**Exercise details**
For this exercise, please transcribe exactly and only the lines from the one containing "Casual Wear Pullovers" through the end of the material, both ends included, without pictures.

**Provided data**
· · · · · · ·

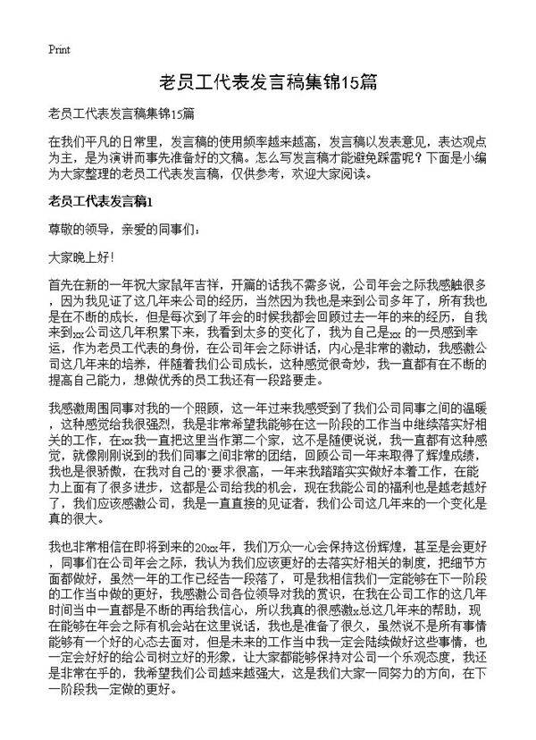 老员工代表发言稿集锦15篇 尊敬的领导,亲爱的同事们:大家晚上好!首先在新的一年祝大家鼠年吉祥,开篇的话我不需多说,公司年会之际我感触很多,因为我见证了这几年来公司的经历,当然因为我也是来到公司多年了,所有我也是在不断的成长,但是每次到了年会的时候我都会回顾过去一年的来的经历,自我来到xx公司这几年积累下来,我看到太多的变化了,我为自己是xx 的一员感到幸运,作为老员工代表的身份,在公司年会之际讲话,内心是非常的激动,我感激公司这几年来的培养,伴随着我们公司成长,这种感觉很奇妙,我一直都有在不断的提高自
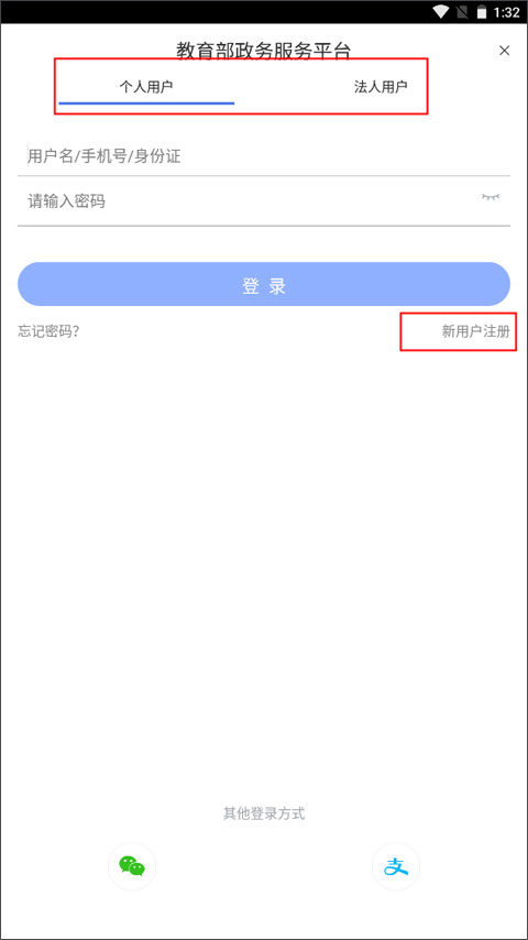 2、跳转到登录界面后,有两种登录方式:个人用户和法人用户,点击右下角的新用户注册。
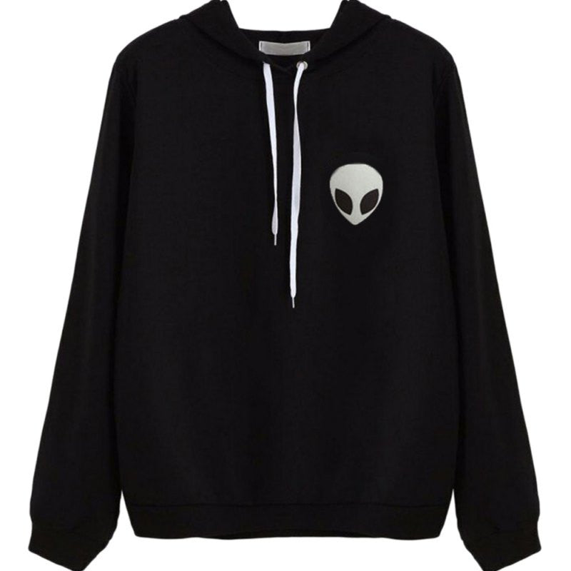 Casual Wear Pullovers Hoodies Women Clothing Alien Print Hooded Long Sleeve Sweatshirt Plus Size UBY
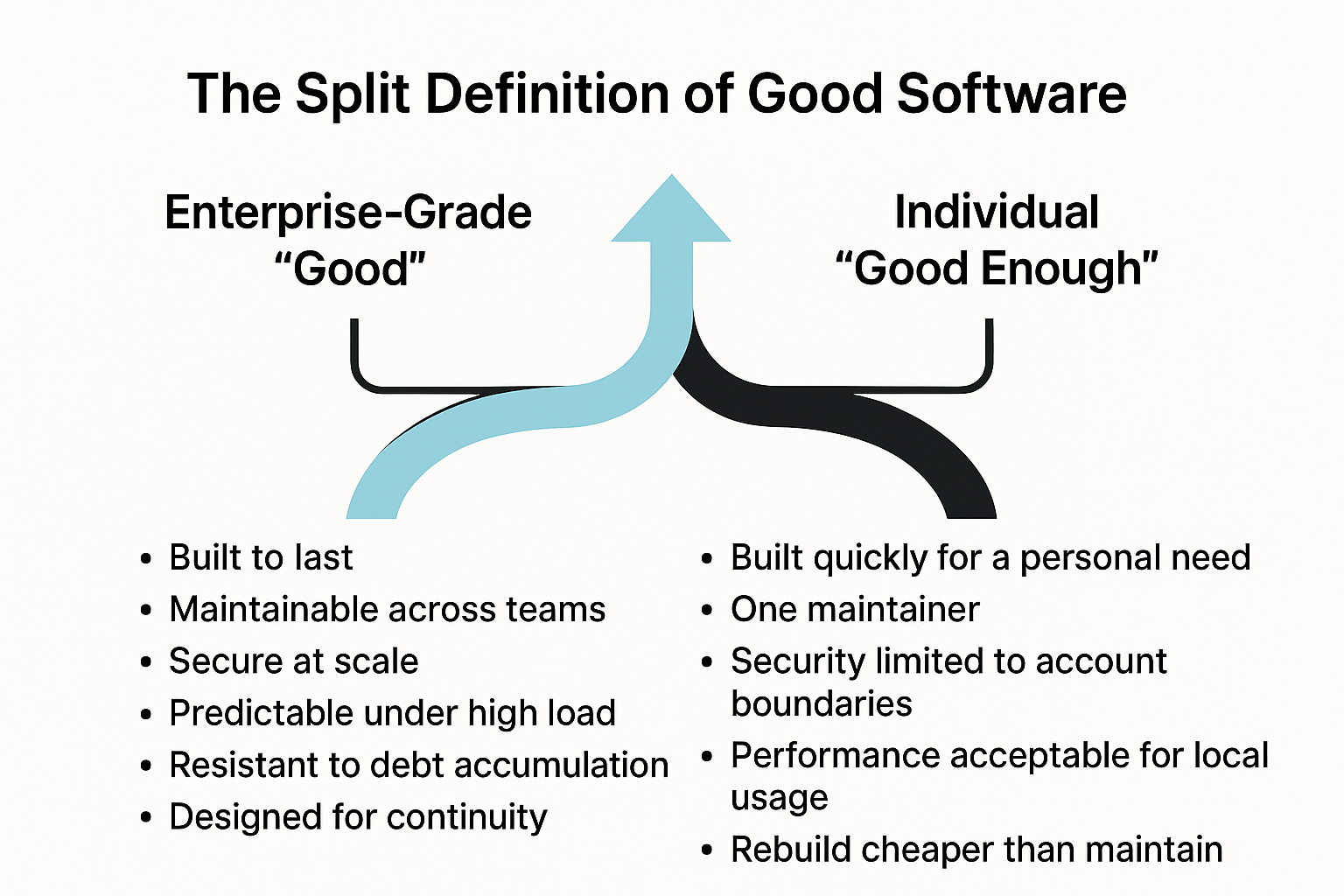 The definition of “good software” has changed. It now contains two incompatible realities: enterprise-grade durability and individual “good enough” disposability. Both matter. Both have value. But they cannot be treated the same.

· · · · · · ·

**Exercise response**
 Casual Wear Pullovers Hoodies Women Clothing Alien Print Hooded Long Sleeve Sweatshirt Plus Size UBY
 The definition of “good software” has changed. It now contains two incompatible realities: enterprise-grade durability and individual “good enough” disposability. Both matter. Both have value. But they cannot be treated the same.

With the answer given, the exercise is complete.